Pourquoi l’aération est capitale
Une ventilation efficace évacue le CO₂ produit par le mycélium et stabilise le microclimat. Quelques petits extracteurs ou des ouvertures contrôlées suffisent souvent à faire la différence.
Le rôle de la lumière
Une lumière indirecte stimule la fructification de nombreuses espèces et influence même la couleur des champignons. Un éclairage doux, programmé quelques heures par jour, fait le travail.
Prolonger la production
En tenant humidité et température, et en alternant les cycles d’incubation et de fructification sur plusieurs lots, on obtient des récoltes étalées sur l’année. Le nettoyage régulier garantit la durée.
- Choisir un substrat adapté à l’espèce
- Installer une ventilation efficace
- Programmer un éclairage indirect
- Alterner les lots pour des récoltes continues
🧼 Avant de démarrer : balayez, aspirez, lavez à l’eau chaude savonneuse, puis désinfectez à la Javel diluée (1 pour 10).

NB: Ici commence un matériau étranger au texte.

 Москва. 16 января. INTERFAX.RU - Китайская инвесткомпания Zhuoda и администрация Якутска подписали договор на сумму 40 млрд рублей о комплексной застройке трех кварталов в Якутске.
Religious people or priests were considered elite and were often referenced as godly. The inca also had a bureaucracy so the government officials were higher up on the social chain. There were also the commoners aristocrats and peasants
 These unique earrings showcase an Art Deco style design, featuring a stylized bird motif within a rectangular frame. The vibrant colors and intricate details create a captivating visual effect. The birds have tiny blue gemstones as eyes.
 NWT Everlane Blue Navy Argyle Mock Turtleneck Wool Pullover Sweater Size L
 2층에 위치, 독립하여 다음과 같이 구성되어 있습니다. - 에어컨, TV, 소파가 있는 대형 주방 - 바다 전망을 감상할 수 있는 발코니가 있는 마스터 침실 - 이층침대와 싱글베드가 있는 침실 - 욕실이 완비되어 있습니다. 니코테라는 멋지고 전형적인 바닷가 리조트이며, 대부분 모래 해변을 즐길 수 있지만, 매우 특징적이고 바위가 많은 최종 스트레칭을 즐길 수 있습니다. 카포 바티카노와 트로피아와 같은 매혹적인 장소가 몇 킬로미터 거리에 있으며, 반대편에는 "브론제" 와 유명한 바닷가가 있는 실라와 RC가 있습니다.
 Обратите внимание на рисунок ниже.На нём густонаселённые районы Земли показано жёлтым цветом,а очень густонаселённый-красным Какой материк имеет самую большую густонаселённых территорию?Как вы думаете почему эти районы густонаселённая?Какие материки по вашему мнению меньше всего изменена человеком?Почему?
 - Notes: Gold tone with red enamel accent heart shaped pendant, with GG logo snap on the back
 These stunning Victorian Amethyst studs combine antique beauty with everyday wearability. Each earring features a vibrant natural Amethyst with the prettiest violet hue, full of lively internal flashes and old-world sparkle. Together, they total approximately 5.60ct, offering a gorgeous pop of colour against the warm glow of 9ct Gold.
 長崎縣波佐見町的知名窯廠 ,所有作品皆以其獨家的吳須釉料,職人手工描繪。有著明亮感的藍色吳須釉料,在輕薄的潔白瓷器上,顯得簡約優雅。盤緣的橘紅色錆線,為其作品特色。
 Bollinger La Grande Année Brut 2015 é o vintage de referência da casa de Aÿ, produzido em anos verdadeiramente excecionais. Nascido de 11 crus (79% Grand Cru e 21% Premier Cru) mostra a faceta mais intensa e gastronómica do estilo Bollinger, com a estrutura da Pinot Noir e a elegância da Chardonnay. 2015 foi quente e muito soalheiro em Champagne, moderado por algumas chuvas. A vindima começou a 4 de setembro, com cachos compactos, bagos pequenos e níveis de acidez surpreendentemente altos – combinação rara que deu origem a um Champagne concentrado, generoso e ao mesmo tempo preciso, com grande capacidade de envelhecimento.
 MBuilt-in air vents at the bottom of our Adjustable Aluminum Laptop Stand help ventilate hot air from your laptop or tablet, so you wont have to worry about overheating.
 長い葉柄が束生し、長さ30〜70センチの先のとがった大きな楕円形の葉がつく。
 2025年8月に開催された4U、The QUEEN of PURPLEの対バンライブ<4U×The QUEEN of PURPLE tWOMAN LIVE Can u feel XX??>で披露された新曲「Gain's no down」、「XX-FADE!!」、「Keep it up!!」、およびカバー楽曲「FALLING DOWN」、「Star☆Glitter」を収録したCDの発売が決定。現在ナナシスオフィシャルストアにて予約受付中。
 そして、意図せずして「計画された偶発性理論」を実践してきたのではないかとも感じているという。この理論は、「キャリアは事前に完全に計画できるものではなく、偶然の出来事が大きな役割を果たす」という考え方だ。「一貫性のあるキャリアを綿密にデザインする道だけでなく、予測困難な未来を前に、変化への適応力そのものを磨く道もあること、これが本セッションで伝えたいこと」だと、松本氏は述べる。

Sur un sol en terre battue ou poreux, posez une bâche ou montez une tente de culture. Cette préparation limite d’emblée la plupart des contaminations.
Une cave, est-ce accessible aux débutants ?
Clairement, oui. Maîtriser l’humidité, préparer le substrat et soigner le microclimat suffit à obtenir des récoltes régulières dès les premiers essais. La cave est même l’un des espaces les plus indulgents pour se lancer.
- Humidité naturelle déjà élevée
- Température stable toute l’année
- Obscurité facile à gérer
- Air souvent trop stagnant
- Sols poreux à isoler
- Risque de moisissures si mal ventilée
Au fond, votre cave a déjà la moitié du travail dans le ventre : l’humidité et la fraîcheur. À vous d’apporter l’autre moitié, l’air et la propreté. Le reste n’est qu’une question d’observation et de petits réglages, semaine après semaine.
🍳 Idée recette : des pleurotes de cave tout juste cueillis, en fricassée. Faites-les revenir à feu vif, déglacez avec un filet de vin blanc et une noix de beurre, ajoutez persil et ail. Servez sur des pâtes fraîches : un plat de saison, récolté à dix mètres de la cuisine.
Le choix du support reste déterminant en cave. Je détaille un tuto pour cultiver sur paille, parfait pour les pleurotes, et la culture sur sciure pour les bois durs. Si vous débutez, mieux vaut commencer par les espèces les plus faciles avant de viser plus exigeant.
Peut-on cultiver plusieurs espèces dans la même cave ?
Oui, mais avec rigueur. Chaque espèce a ses besoins d’humidité, de température et de substrat. Pour éviter concurrence et contamination croisée, séparez physiquement les lots ou alternez les cycles, et suivez de près chaque zone.
Quels signes trahissent une contamination ?
Des moisissures vertes, noires ou rosées, une odeur inhabituelle ou une pousse qui stagne doivent alerter. Une vigilance quotidienne permet d’isoler vite la zone touchée et de renforcer l’hygiène avant que ça se propage.
La culture en cave est-elle adaptée aux débutants ?
Tout à fait. En tenant l’humidité, en préparant bien le substrat et en assurant la ventilation, un débutant obtient des récoltes régulières. La cave pardonne beaucoup, tant qu’on respecte ces quelques règles.
À propos de ce guide. Ce guide vient de ma propre expérience de culture en cave (pleurotes et shiitakés), avec plusieurs cycles suivis au fil de l’année et des ajustements concrets sur la ventilation et l’humidité. Les fourchettes de température, d’humidité et de substrat correspondent à ce que j’applique, recoupées avec la littérature spécialisée.